BEGIN
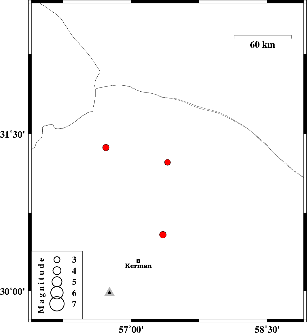 | 2013/06/26 | 19:05:04.3 | 23:35:04.3 | 31.37 | 56.72 | 14 | ML3.2 | Kerman Province, 14 km Ravar |
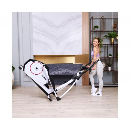 - В конструкции предусмотрена подставка для планшета и держатель для бутылки, что делает тренировку более комфортной, а транспортировочные ролики помогают удобно перемещать тренажор по комнате.
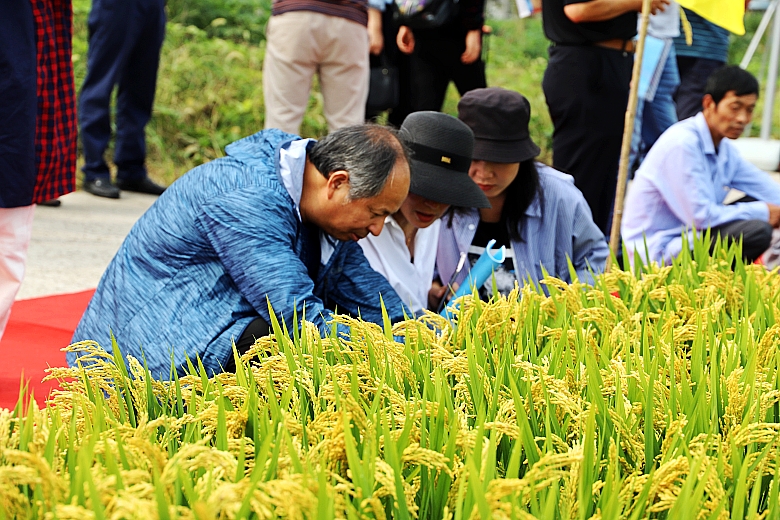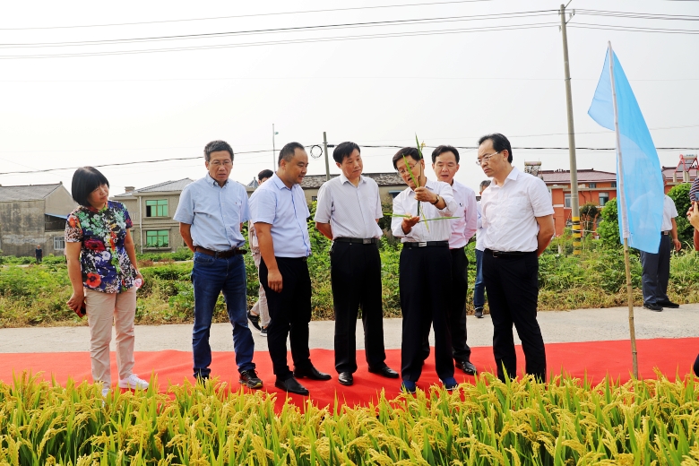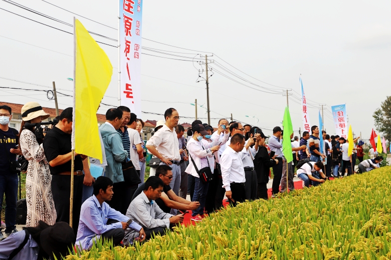 参会代表现场观摩了白马湖农场170亩“佳源粳1号”绿色高质高效生产示范方和“江苏好品种”展示田的“佳源粳1号”,即将收获的“佳源粳1号” 穗型大,秆青籽黄粒饱,呈现一派丰收景象。参加观摩的领导、专家和代表对“佳源粳1号”交口称赞,蔡厅长深入田间查看长势情况。示范方理论测产809.6公斤。
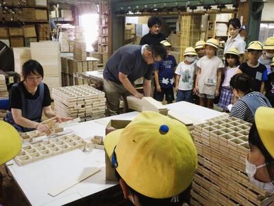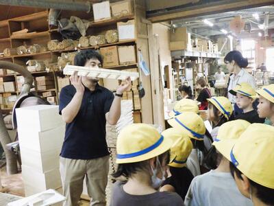 松田桐箱では、桐箱作りの歴史や作り方の説明がありました。昔はたくさんあった桐の木が今は少なくなり、中国から輸入しているそうです。実際に工場に入ると、大型機械での作業と人の手作業の特徴がよく分かりました。工場ででる木の削りカスも環境に良い方法で処分したり、別の使い方をしたり、SDGsに取り組んでいることも分かりました。
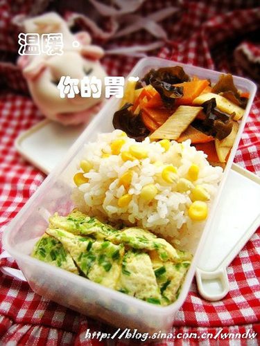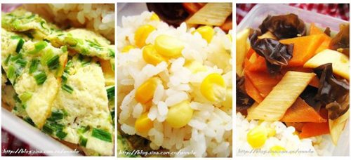 ??? 這款便當的主食是玉米飯,配菜有切成小塊的小蔥雞蛋餅、粗纖維豐富的胡蘿卜茭白炒木耳。
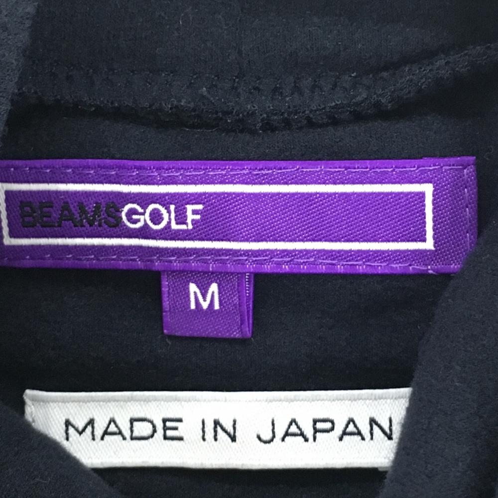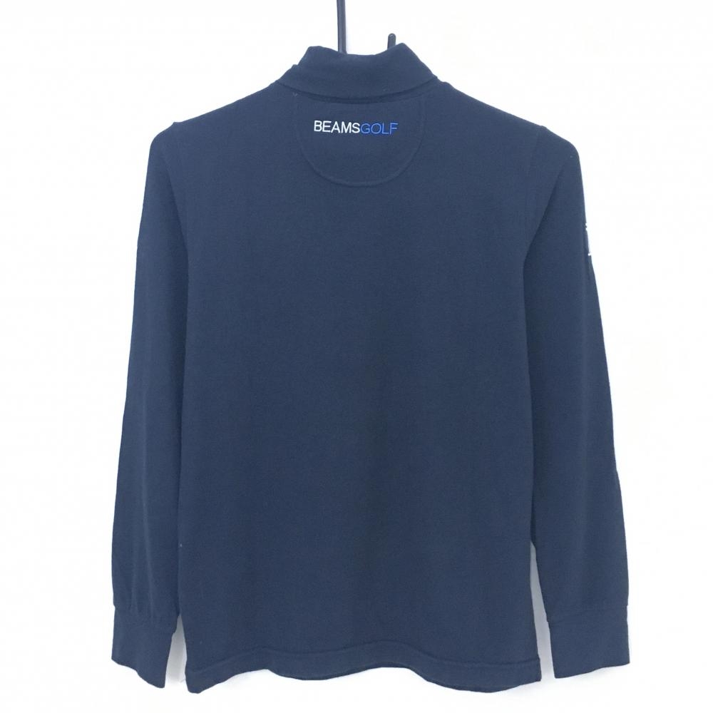 【美品】ビームスゴルフ 長袖ハイネックシャツ ネイビー 表微起毛 ロゴ刺しゅう白 レディース M ゴルフウェア BEAMS GOLF
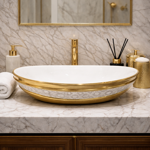 Luxury Gold Detailing Countertop Wash Basin | Designer Table Top Bathroom Basin (24" × 14" × 6" IN)
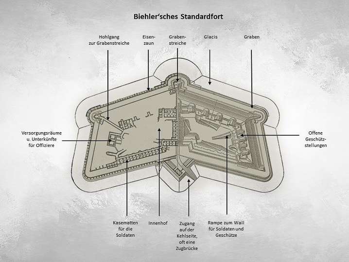 Die einzelnen Forts des zweiten Walls plante man mit einem Abstand von circa fünf Kilometer zueinander. Eine Entfernung, die es erlaubte, dass sich die Festungen im Fall eines Angriffs gegenseitig decken konnten. Bis auf wenige Ausnahmen orientierte man sich beim Bau an den sog. Biehlerschen Einheitsfort. Das war eine Blaupause für eine schnelle, kostengünstige Errichtung moderner Festungsanlagen. Ähnliche Forts findet man beispielsweise auch rund um Köln oder eines von Ihnen auch bei Metz (Fort Manstein).
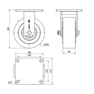 Rueda nylon-poliamida fija Alex diametro 200 mm. 2-0112
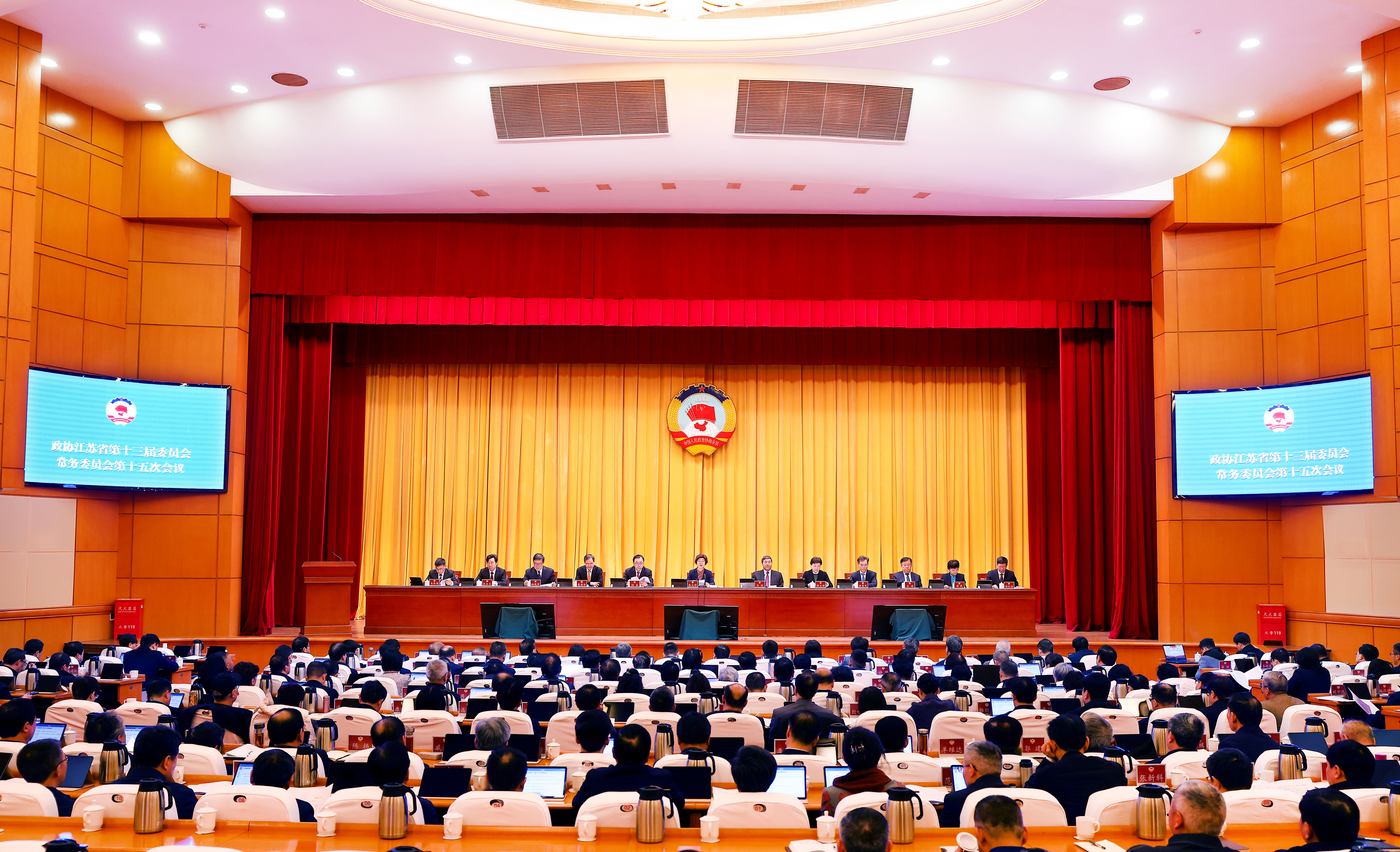 邢卫红代表民革省委会、冯泉代表民盟省委会、潘镇代表民建省委会、史立军代表省政协经济委、王秦代表省政协科技委、葛道凯代表省政协教卫体委分别作大会发言。会议分5个小组进行学习讨论。委员们表示,中共二十届四中全会是乘势而上、接续推进中国式现代化建设的又一次总动员、总部署,必将有力引领和推动基本实现社会主义现代化取得决定性进展。省委十四届十次全会围绕总书记赋予江苏的战略定位和使命任务,精准谋划目标任务和政策举措,彰显了走在前、做示范、挑大梁、作贡献的责任担当。刚刚召开的省委经济工作会议,深入学习贯彻总书记重要讲话和中央经济工作会议精神,对推动我省实现“十五五”良好开局具有重要意义。一定认真学习贯彻,更好聚焦中心任务建言资政、增进共识,以实际行动助力我省经济社会高质量发展。
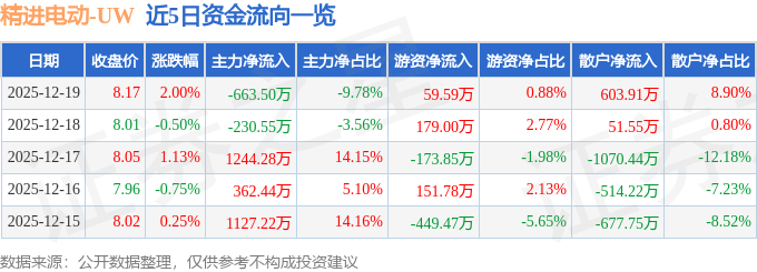 证券之星消息,截至2025年12月19日收盘,精进电动(688280)报收于8.17元,上涨2.0%,换手率1.6%,成交量8.31万手,成交额6786.14万元。
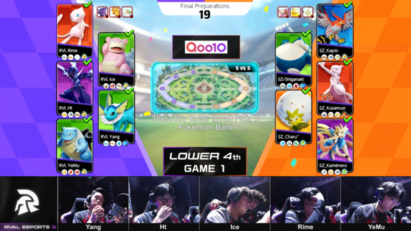 そして、3試合目。途中までは一進一退の攻防が続き、この試合でも途中までRival Esportsが若干押しているように感じました。しかし、グラードン前の集団戦でSZ_Kapio選手のネギガナイトが相手3人を撃破し、圧倒的な差を手にします。そのまま3戦目を制し、LOWER FINALへと駒を進めました。
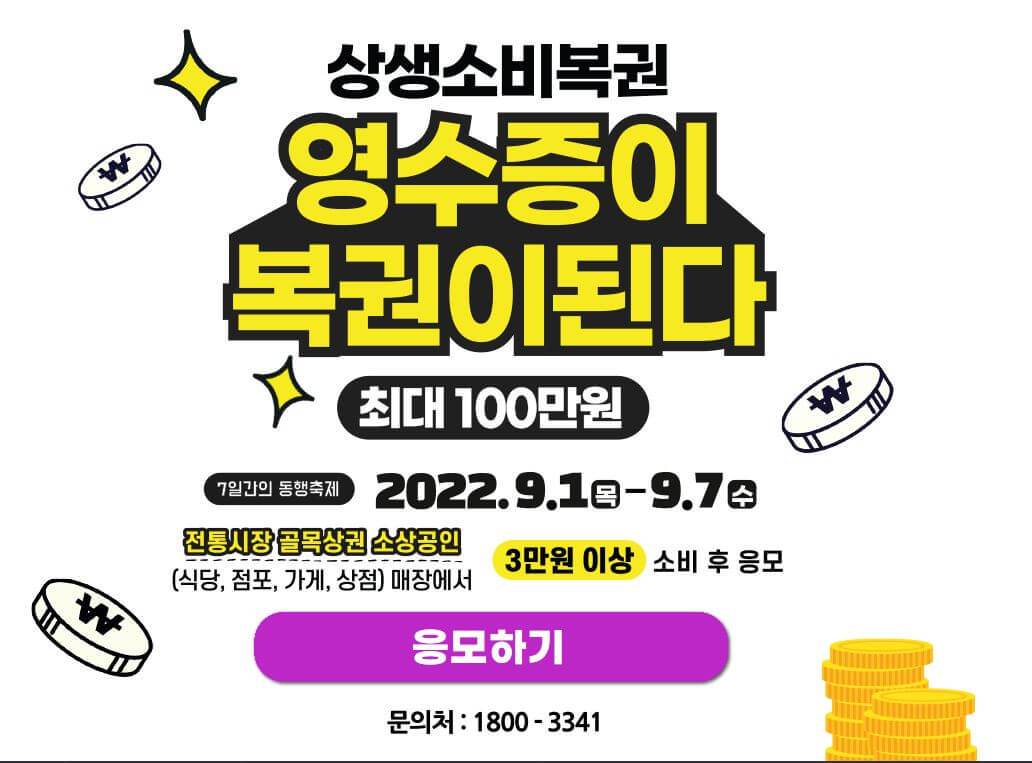 응모는 전 국민 누구나 응모를 할 수 있으며 응모기간은 9월 1일부터 9월7일 동안 소비한 영수증만 응모가 가능합니다.
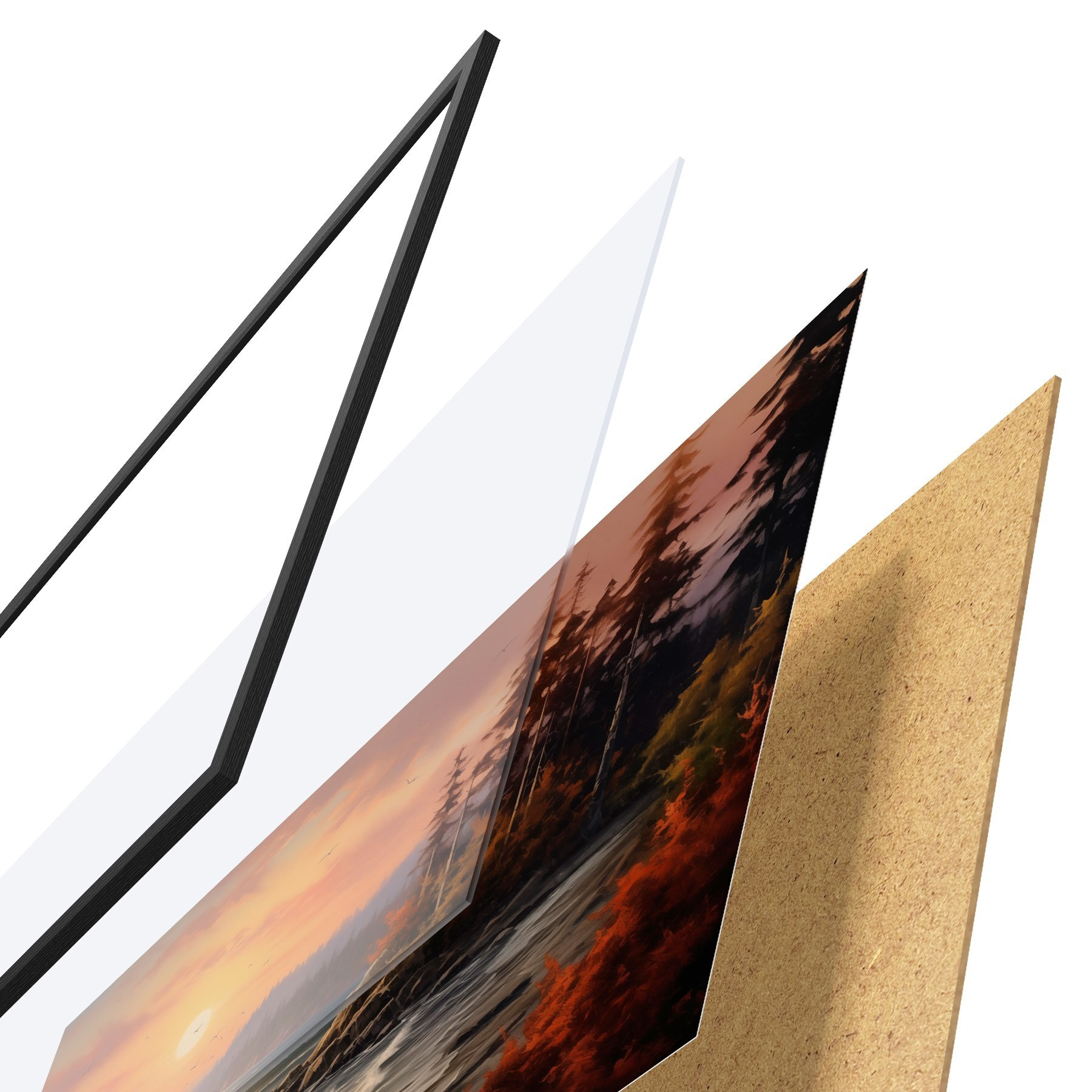 Poster Ein Sonnenuntergang über dem Meer mit Wellen, einem Kiefernwald und Herbstfarben im Vordergrund. f42571
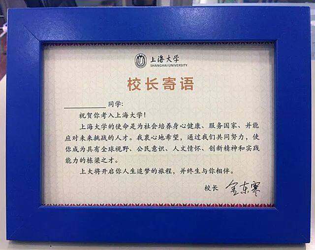 希望你在上海大学的四年里能不负青春,践行“自强不息”,“先天下之忧而忧,后天下之乐而乐”的校训精神,成为具有全球视野、公民意识、人文情怀、创新精神、实践能力,并能应对未来挑战的栋梁之材!
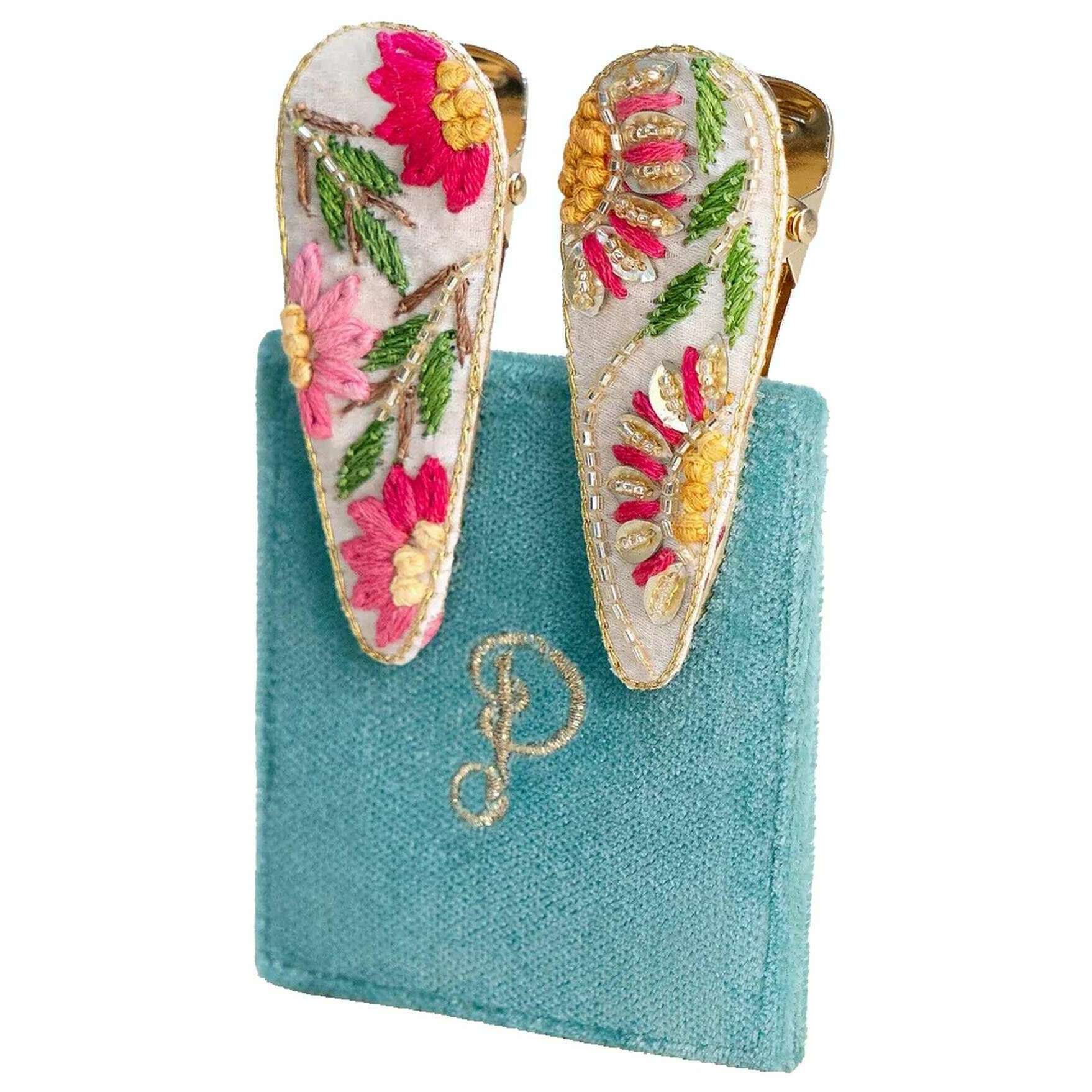 Pinces à cheveux Powder Flora - Blanc/Rose/Vert/Bleu
END
EXERCISE OBJECTIVE
Looking at the records above, extract only the lines from the one with "Luxury Gold Detailing" through the last line, exactly, with the pictures left out.

EXERCISE OUTPUT
 Luxury Gold Detailing Countertop Wash Basin | Designer Table Top Bathroom Basin (24" × 14" × 6" IN)
 Die einzelnen Forts des zweiten Walls plante man mit einem Abstand von circa fünf Kilometer zueinander. Eine Entfernung, die es erlaubte, dass sich die Festungen im Fall eines Angriffs gegenseitig decken konnten. Bis auf wenige Ausnahmen orientierte man sich beim Bau an den sog. Biehlerschen Einheitsfort. Das war eine Blaupause für eine schnelle, kostengünstige Errichtung moderner Festungsanlagen. Ähnliche Forts findet man beispielsweise auch rund um Köln oder eines von Ihnen auch bei Metz (Fort Manstein).
 Rueda nylon-poliamida fija Alex diametro 200 mm. 2-0112
 邢卫红代表民革省委会、冯泉代表民盟省委会、潘镇代表民建省委会、史立军代表省政协经济委、王秦代表省政协科技委、葛道凯代表省政协教卫体委分别作大会发言。会议分5个小组进行学习讨论。委员们表示,中共二十届四中全会是乘势而上、接续推进中国式现代化建设的又一次总动员、总部署,必将有力引领和推动基本实现社会主义现代化取得决定性进展。省委十四届十次全会围绕总书记赋予江苏的战略定位和使命任务,精准谋划目标任务和政策举措,彰显了走在前、做示范、挑大梁、作贡献的责任担当。刚刚召开的省委经济工作会议,深入学习贯彻总书记重要讲话和中央经济工作会议精神,对推动我省实现“十五五”良好开局具有重要意义。一定认真学习贯彻,更好聚焦中心任务建言资政、增进共识,以实际行动助力我省经济社会高质量发展。
 证券之星消息,截至2025年12月19日收盘,精进电动(688280)报收于8.17元,上涨2.0%,换手率1.6%,成交量8.31万手,成交额6786.14万元。
 そして、3試合目。途中までは一進一退の攻防が続き、この試合でも途中までRival Esportsが若干押しているように感じました。しかし、グラードン前の集団戦でSZ_Kapio選手のネギガナイトが相手3人を撃破し、圧倒的な差を手にします。そのまま3戦目を制し、LOWER FINALへと駒を進めました。
 응모는 전 국민 누구나 응모를 할 수 있으며 응모기간은 9월 1일부터 9월7일 동안 소비한 영수증만 응모가 가능합니다.
 Poster Ein Sonnenuntergang über dem Meer mit Wellen, einem Kiefernwald und Herbstfarben im Vordergrund. f42571
 希望你在上海大学的四年里能不负青春,践行“自强不息”,“先天下之忧而忧,后天下之乐而乐”的校训精神,成为具有全球视野、公民意识、人文情怀、创新精神、实践能力,并能应对未来挑战的栋梁之材!
 Pinces à cheveux Powder Flora - Blanc/Rose/Vert/Bleu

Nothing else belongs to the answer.